Workers warned against laziness at Workplace


Story By: Comfort Acquah, Tema.

Nana Addo Dankwa Akufo-Addo President of the Republic of Ghana had cause to complain about the poor attitude of Ghanaians towards work.

Whiles admitting that “we do have lots of problems – bad roads, traffic jams, high electricity tariffs, inadequate housing and of course, low wages” – he indicated that “we all avoid very carefully any mention of the workplace attitudes that retard our progress.

“We arrive at work late and then spend the first hour in prayer; we are clock watchers and leave in the middle of critical work, because it is the official closing time.  Everything comes to a stop when it rains and we seem to expect the rest of the world also to stop,” he noted while addressing scores of Ghanaian workers at the Independence Square to celebrate international Workers’ Day which fell Yesterday (May 1).

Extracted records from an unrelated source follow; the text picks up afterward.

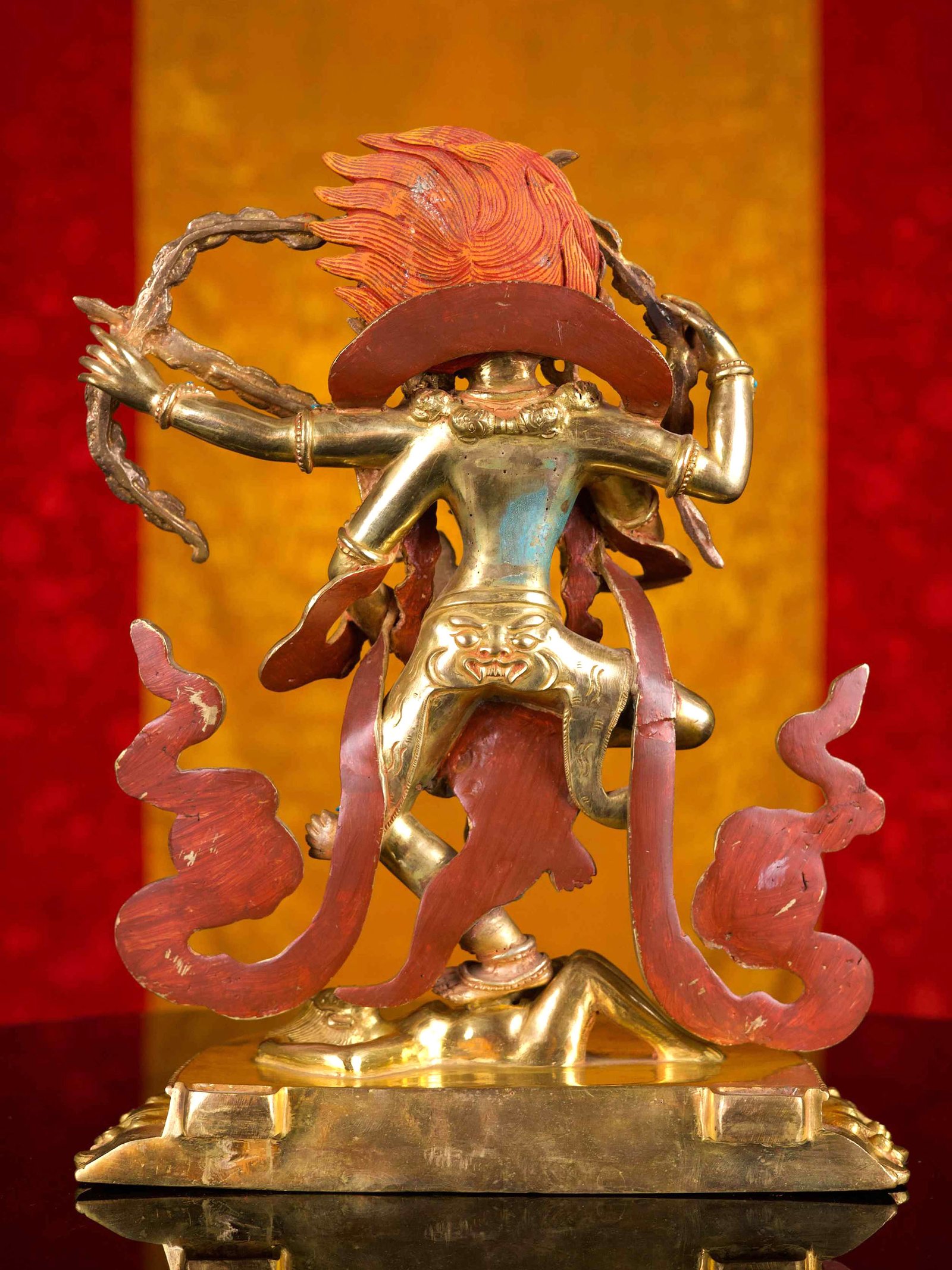 The face of Kurukulla is painted with gold to enhance its significant features, particularly the eyes, and lips. This detailed painting is essential as it brings forth the crucial attributes of the expression of eyes and lips that metal carving alone cannot capture.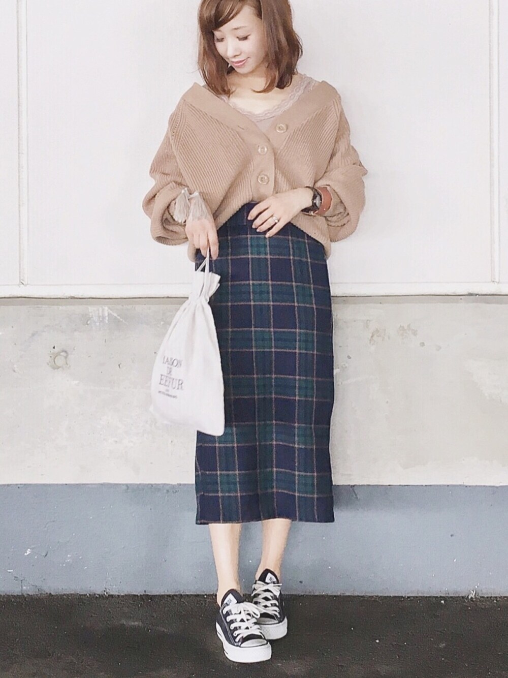 カーディガンの着回しです☺︎♡ GUタイトスカートもやっぱり可愛い。 カーディガン/FREE インナー/FREE スカート/S シューズ/22.5 インスタ/yoahiru.w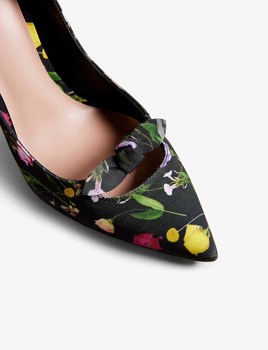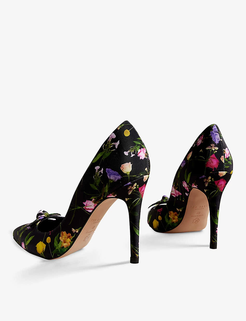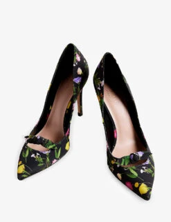- Closed pointed toe, one bow at front, all-over floral print, stiletto heel

Aside that, he said, “we have no respect for the hours set aside for work… we pray, we eat, we visit during working hours.  We spend hours chatting on the telephone when customers are waiting to be served, thereby increasing our labour costs.  We take a week off for every funeral.  And then we wonder why we are not competitive

“The service that we provide in our hospitality industry does not match that of our competitors and many of us have sadly come around to accept poor service as the norm.  There is a particularly pernicious attitude to property that we find at work.  There is the petty stealing of paper, envelopes, tea, milk and other equipment.  There is the reckless use of office vehicles.  Employees show no inclination to protecting the things that are in the office and factories, and extreme reluctance to stand up for what we know to be right in our workplaces in general.”

President Akufo-Addo therefore indicated, “If we are going to make the changes we all want, then we have to start with a change in attitude to work.  Government is ready to do its part, and I am counting on you, Secretary General” (referring to the boss of the Trades Union Congress), “to lead the campaign for a change in attitude to work and increase productivity.”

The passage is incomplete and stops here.